Vinhos de Appassimento

Você já bebeu algum vinho de Apassimento ou Passito? Se você já bebeu um Amarone ou um Recioto a resposta é sim. Mas você sabe realmente o que é um vinho de Appassimento e de onde vieram esses vinhos? Como são elaborados? Um vinho de Apassimento sempre é doce? Nesse artigo feito para a degustação de um painel desses vinhos você vai poder tirar todas as suas dúvidas.

Vinhos de Appassimento

 

Vinhos de appassimento ou vinhos do método passito, são vinhos elaborados a partir de uvas desidratadas, semipassificadas. Esse método visa aumentar nos vinhos a estrutura, a concentração de sabor (e a cor das uvas no caso dos tintos). Outro fator que ocorre é que as uvas também concentram açúcares, logo, após a fermentação o vinho resultante costuma ter bastante açúcar residual ou ser bem alcoólico.

Este método é muito utilizado no Veneto, região do nordeste da Itália. Lá na sub-região Valpolicella existem 2 indicações geográficas que contemplam vinhos tintos feitos pelo método de appassimento: O Amarone della Valpolicella DOCG (tinto seco) e o Recioto della Valpolicella DOCG (tinto doce).
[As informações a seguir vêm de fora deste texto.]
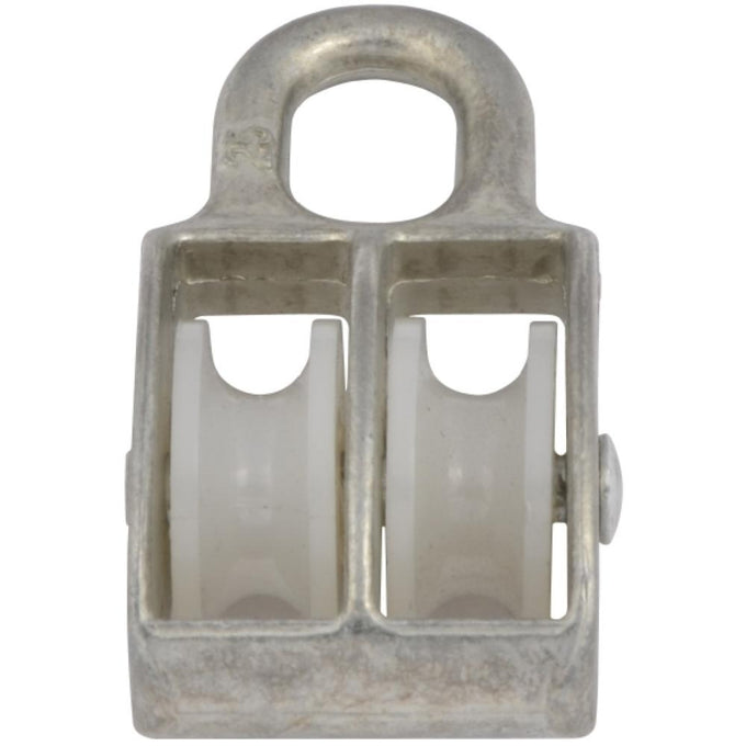 25mm double hoist pulley made from steel with a zinc-plated body and white polyethylene pulley. Features an integrated eyelet in the body, ideal for ropes up to 7mm.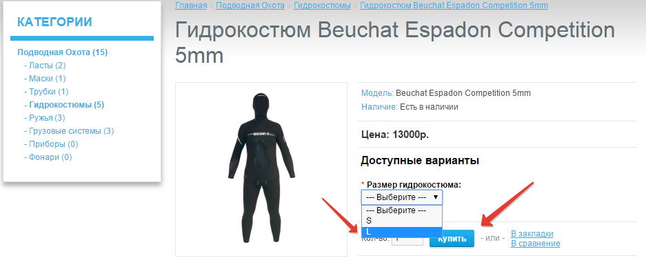 2. Выберите подходящий гидрокостюм и размер, выпадающем списке.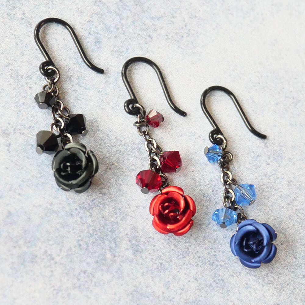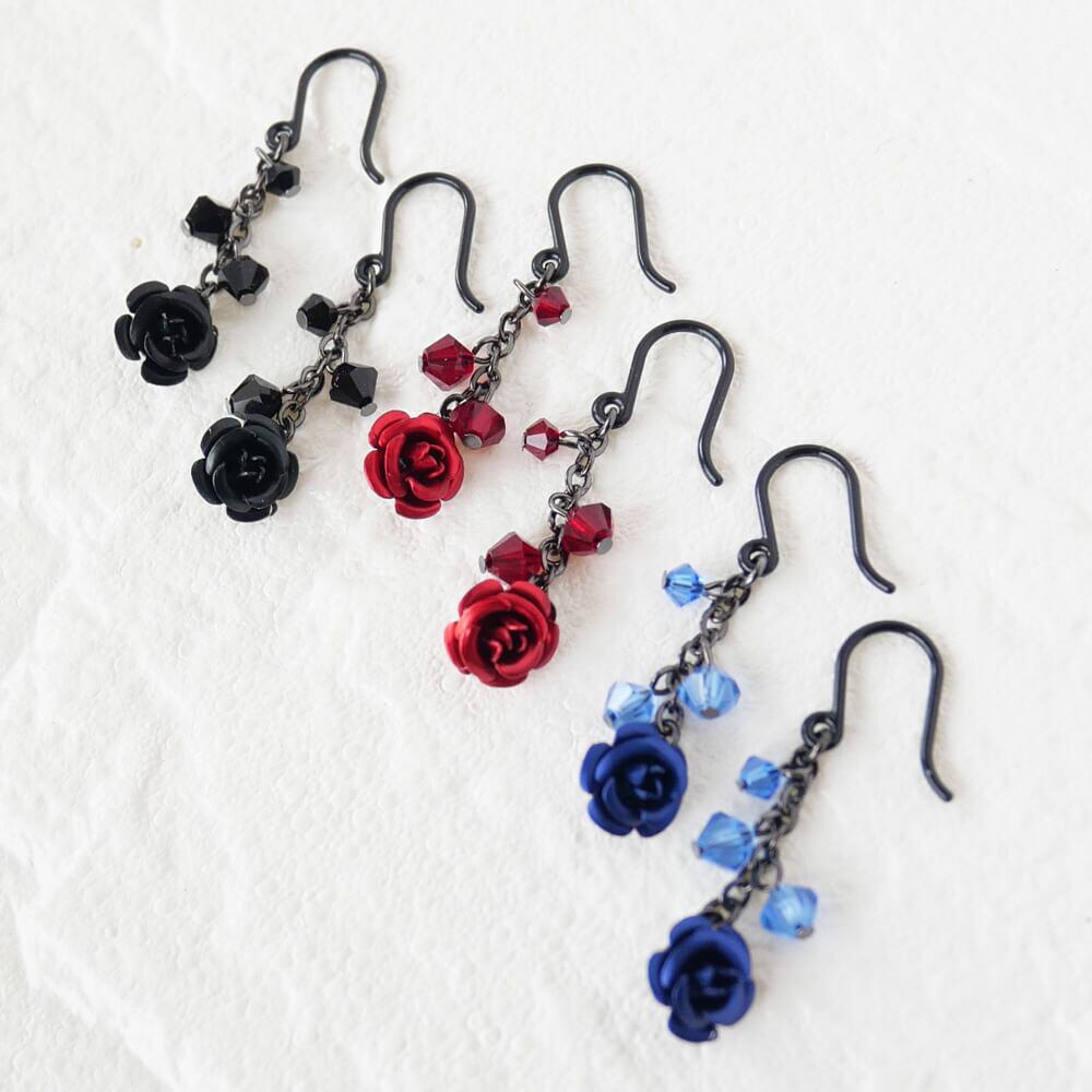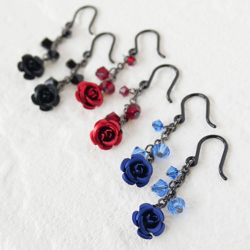 青バラは神秘的なイメージを演出し、赤バラはゴシックなテイストを引き立てます。さらに、黒バラはブラックスタイルにお薦め

São os vinhos de maior expressão no mundo elaborados por esse método. Ao lado de Valpolicella, na sub-região de Soave existe o Recioto di Soave DOCG, que é um vinho branco doce elaborado pelo mesmo método, mas que não tem tanta expressão no mundo. Outro exemplo de vinho elaborado pelo método de appassimento é o Passito di Pantelleria DOC. É um vinho branco doce elaborado com a uva Zibibbo (Moscatel de Alexandria) na pequena Ilha de Pantelleria, próxima à Sicília.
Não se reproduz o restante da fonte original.